Energetic cast fails to redeem wordy, wearying Buchner play

Danton's Death', Play by Georg Buchner, translated by Hedwig Rappolt. Presented by La Mama ETC and Time and Space Limited. There seems to be a Georg Buchner revival. a couple of years ago, Werner Herzog filmed his stark "Woyzeck." Now the adventurous La Mama company has lavishly mounted "Danton's Death," and the CSC Repertory plans a double bill of "Woyzeck" and "Leone and Lena" for later this season. And there you have it -- the entire dramatic output of this stormy writer, who died in 1837 at age 23.

The French Revolution may be having a revival, too -- given the enormous interest in Abel Gance's 1927 film "Napoleon," which is preparing for an American tour in its reconstructed version. "Danton's Death" is a disturbing plunge into the very center of that troubled period. Buchner wants to shake his spectators to their bones, questioning every accepted notion of social order and revolutionary activity.

As a dramatist, he tried to explore history in a flamboyant new way. Yet he also seemed to enjoy the shaking- up process for its own sake. Perhaps as a result, "Danton's Death" wasn't staged until 67 years after it was written. Buchner attempted to mirror events, not just present or explicate them, and he hated to soften things. In a letter to his family, quoted by a La Mama program note, he wrote that a book "must be neither more moralm nor more immoralm than history itself; but history has not been created . . . as reading matter for young ladies. . . ."

Danton's death is a torrent of words, many quoted directly from Danton, Robespierre, and others. The metaphors are often sexual, even when the subject is war, peace, virtue, or terrorism. As directed by Linda Mussman, the La Mama production supports these cascades of language with a carefully stylized visual scheme -- a tableau to match every aphorism in the script, and more studied poses than a wedding album.

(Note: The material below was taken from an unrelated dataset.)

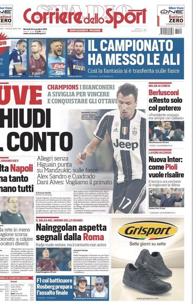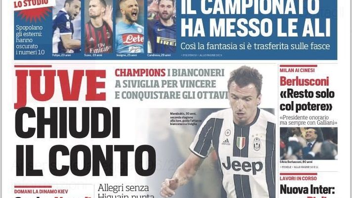 Il Corriere dello Sport in edicola oggi si sofferma su un ruolo in particolare nel taglio alto della prima pagina: "Spopolano gli esterni: hanno oscurato i numeri 10. Il campionato ha messo le alti. Così la fa fantasia si è trasferita sulle fasce". Berlusconi intanto ha detto ai cinesi che resta solo con il potere, farà il presidente onorario solo se resta anche Galliani in società. Paginone centrale per la Juventus: "Chiudi il conto. I bianconeri a Siviglia per vincere e conquistare gli ottavi". Spazio anche per l'Inter: "Ecco come Pioli vuole risalire. Il tecnico ora cercherà di migliorare la difesa". Calciomercato, "Nainggolan aspetta segnali dalla Roma, ma il rinnovo non arriva. E' nel mirino delle grandi".

To be sure, there are some striking juxtapositions of word and image, accomplished by a gifted and energetic cast. But it goes on for something like three hours (plus intermissions), and I found the experience wearying, right up to the unexpectedly elegant ending. "Danton's Death" doesn't speak to you, it bombards you. By the finale I was mighty grateful for Dan Erkkila's music, which was bright, engaging, and inventive every step of the way. Without its soothing influence, this would be a difficult evening indeed, for all its th udding intellectual force and verbal- visual complexity.